SVMs compete forcefully with neural networks as well as other machine learning and data mining algorithms as tools for solving pattern recognition problems.  Where SVMs do not perform well it is arguable that the algorithmic rules behind the support vector algorithm do not so much reflect incapabilities of the learning machine (as in the case of an overfitted artificial neural network) as much as irregularities of the data.  In short, current opinion holds that if the data in the domain is predictive, SVMs are highly likely to be capable of producing a predictive algorithm.  Importantly, SVMs are robust tools (understandable implementations, simple algorithmic validation, better classification rates, overfitting avoidance, fewer false positives and faster performance) in practical applications.  “The SVM does not fall into the class of ‘just another algorithm’ as it is based on firm statistical and mathematical foundations concerning generalisation and optimisation theory” [Burbridge & Buxton, 2001]. However, comparative tests with other techniques indicate that while SVMs are highly likely to be capable of predicting, in some applications SVMs may not be the best approach for any specific dataset.  “In short, our results confirm the potential of SVMs to yield good results, especially for classification, but their overall superiority cannot be attested” [Meyer, Leisch, Hornik, 2002].

PropheZy and VizZy are two software packages developed by Z/Yen for classification and visualisation of data.  Together they constitute a SVM/DAPR environment.  PropheZy implements a SVM on a server (though it can be used in a local client/server mode). Naturally, as in any field of computing, there are a number of variant SVM implementations, of which PropheZy implements three types - C-SVC, nu-SVC and binary.  Further, of statistical importance in replicating results is the “kernel function”. PropheZy implements four types of kernel function - linear, radial basis function, sigmoid and polynomial.  The SVM types and kernel function types are described in detail in Vapnik [1995, 1998]. For this study, the SVM implementation used was C-SVC and the kernel function was linear.

So far, the PropheZy server SVM has been implemented on a Linux server, a Sun Solaris server and a Windows NT server.  PropheZy implements the user-interface to the server SVM via XML (extensible mark-up language).
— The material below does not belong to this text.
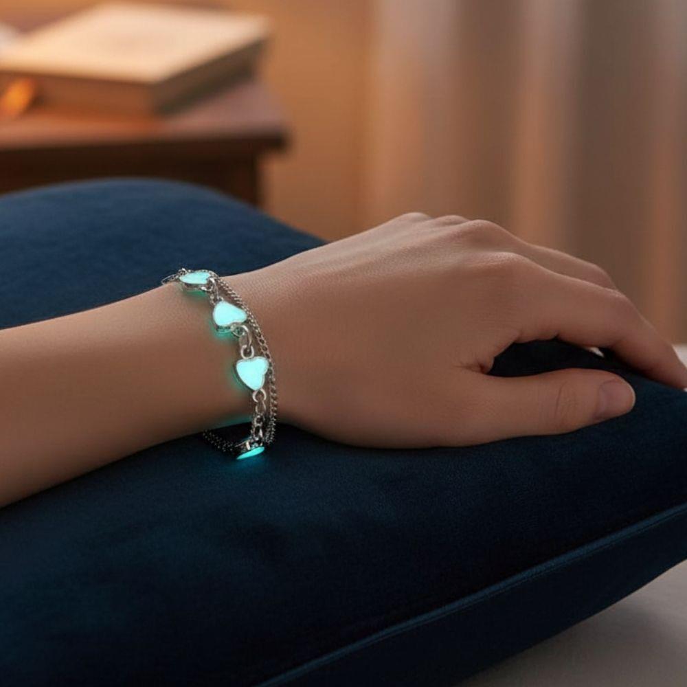 Vybrat náramek, aby se hodil téměř ke každé dívce či ženě, není často snadné. A k tomu takový, aby se dal nosit skoro ke všemu, už vůbec ne. My ale máme jeden, který na první pohled vypadá jako jednoduchý náramek s pár srdíčky, ale je přitom více než obyčejný! Srdíčka jsou totiž z fluorescentního materiálu, který se po setmění rozsvítí a vytvoří tak auru jedinečného šperku.

The XML user-interface can be via an HTML page, directly through a bulk file loader command line or by use of an Excel add-in that performs XML data submission from spreadsheets to the server SVM and displays results back in Excel spreadsheets.  For this study, the PropheZy implementation was the Sun Solaris server using a bulk file loader command line.  VizZy provided visualisation of clustering, histogram, Voronoi and data cube diagrams from tabular data output by PropheZy.
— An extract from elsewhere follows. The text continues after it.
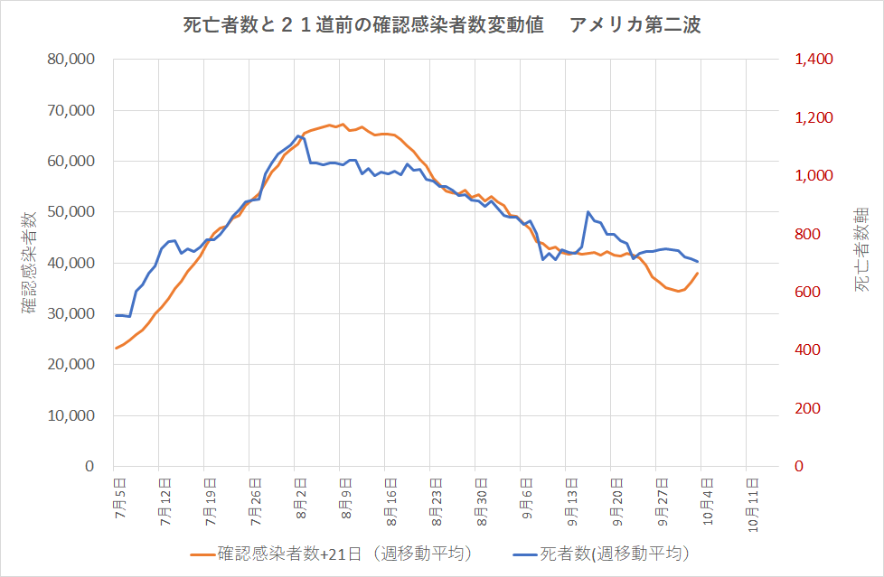 アメリカのCOVID-19 感染者確認と死亡者の関係 第二波では死亡は感染の21日遅れで発生し致死率1.5~2.5%

Z/Yen has benchmarked PropheZy against standardised machine learning tests, e.g. appropriate StatLog test sets [Michie, Spiegelhalter and Taylor, 1994], in order to validate the SVM with good to excellent results.  Z/Yen has trialled PropheZy extensively in financial services applications and sees great promise for SVMs and other Dynamic Anomaly and Pattern Response (DAPR) techniques in areas such as compliance [Mainelli, 2005], trade anomaly detection and scorecards [Mainelli, 2004] as well as regression and value prediction [Mainelli, Harris and Helmore-Simpson, 2003].

Data
For the purposes of this research, a discrete, easily quantifiable and readily obtainable set of data was required.  SETS - The London Stock Exchange’s trading service for UK blue chip securities is an electronic order book that can execute hundreds of trades a second.  Securities traded on SETS include all the FTSE 100 securities, the most liquid FTSE 250 securities along with some others.  The prices quoted on SETS are the best available at the time and as such trades fulfilled ‘on-book’ might be viewed as representing best execution.  However, SETS-traded equities are also regularly traded outside the electronic order book (‘off-book’ trades).
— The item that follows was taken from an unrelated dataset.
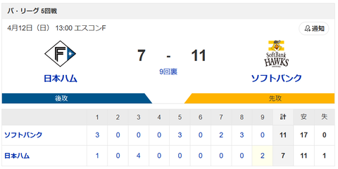 日本ハム、ソフトバンクに24年ぶり開幕5連敗

The research team decided that they should look at off-book trades of SETS securities as this was the area requiring proof of best execution.  A large number of trades are conducted off-book and it is often these trades that attract attention from compliance departments.  There are a substantial number of these trades that occur outside the current bid/offer spread.  This is usually for a very good reason – typically the size of the trade (in relation to the usual size of trades in that security) or specific client instructions regarding timing of execution.

The total number of trades included within the research was approximately 190,000 with a value of over £54bn.  These were from four brokers and covered their off-book trades from September 2004 to December 2004 inclusive.  It should be noted that although exchange traded securities were selected as an ideal dataset for this research, the information used in building the model was only that which would be available for non-exchange traded instruments. 

Data Preparation & Validation
Each of the four participants provided large text files containing details of their off-book trades for the four months from September 2004 to December 2004 inclusive.  The first thing that the research team did was to validate this data with the data provided by LSE.  The team also studied the movement of the market in general over the period [Diagram 1] in order to establish overall volume and price patterns.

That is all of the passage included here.